Modeling citation worthiness by using attention-based bidirectional long short-term memory networks and interpretable models
This is the repository contains the code and data for the Scientometrics paper:
Zeng, T., Acuna, D.E. (2020), Modeling citation worthiness by using attention-based Bidirectional Long Short-Term Memory networks and interpretable models, Scientometrics, 124(1), 399–428
ACL‑ARC dataset: please refer to Bonab et al., 2018 for details. We downloaded a copy of the dataset, adjusted some fields. You can download it from Figshare: 10.6084/m9.figshare.12573872.

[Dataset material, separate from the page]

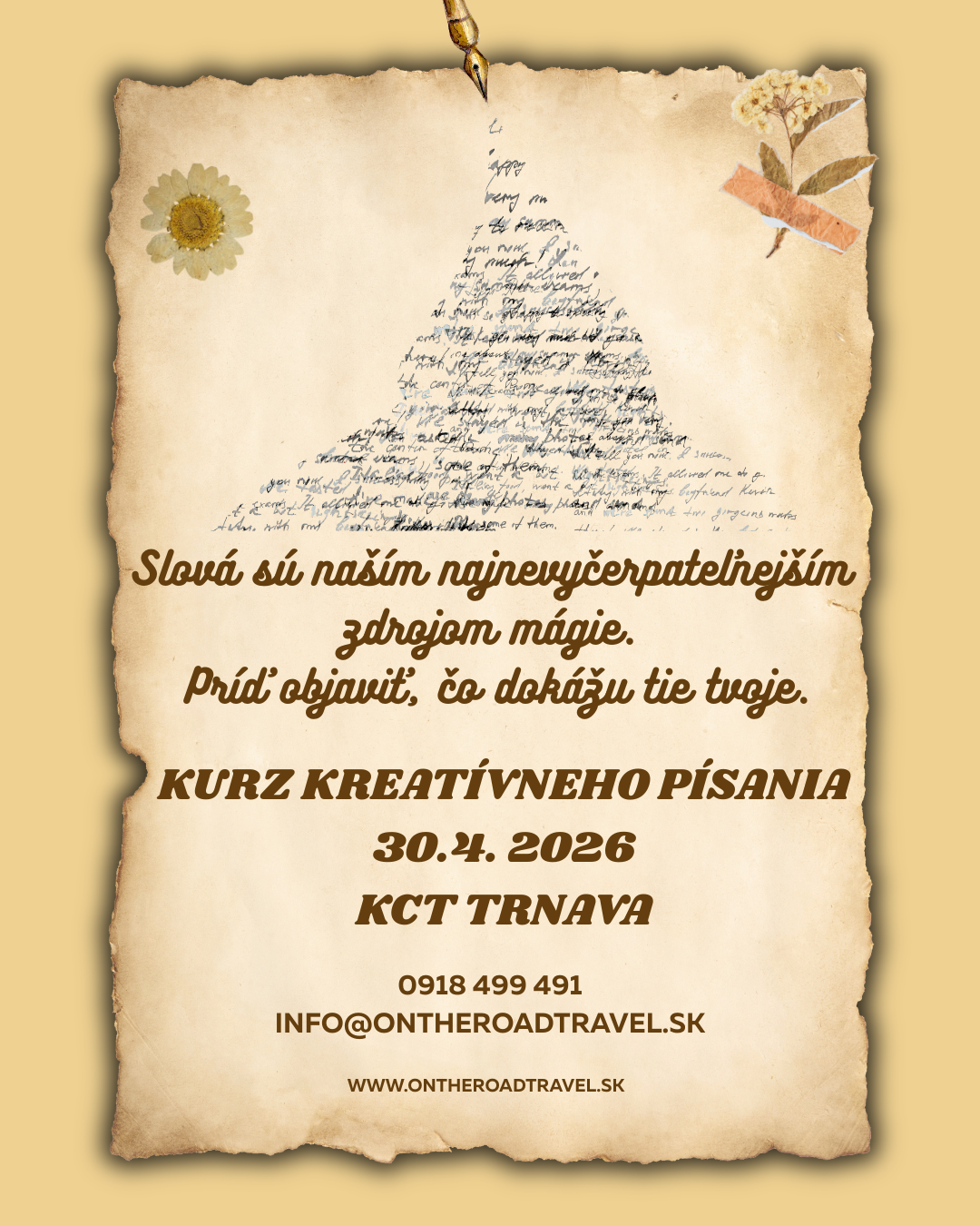 Workshop plný nápadov, jazykových hier a aha-momentov, kde texty vznikajú priamo na mieste a slová začnú dávať nový zmysel. V bezpečnej a podporujúcej atmosfére sa pracuje s krátkymi cvičeniami, ktoré rozprúdia fantáziu, odbúrajú strach z prázdnej strany a pomôžu nájsť vlastný štýl písania. Vhodné pre začiatočníkov aj pokročilých, pre všetkých, ktorí chcú písať uvoľnenejšie, hravejšie a s väčšou istotou.

PMOA-CITE dataset: please download 1M sentences from Figshare: 10.6084/m9.figshare.12547574
PMOA-CITE and ACL-ARC combined: please download it from Figshare: 10.6084/m9.figshare.12573974
The code requires the following packages:
- allennlp==0.9.0
- scikit-learn==0.21.2
All the experiments configuration files are located in cite-worthiness/experiments folder, to run an experiment:
- Please find the fields train_data_path, validation_data_path and test_data_path in each jsonnet file, and change the value to the path where you store the datasets mentioned above.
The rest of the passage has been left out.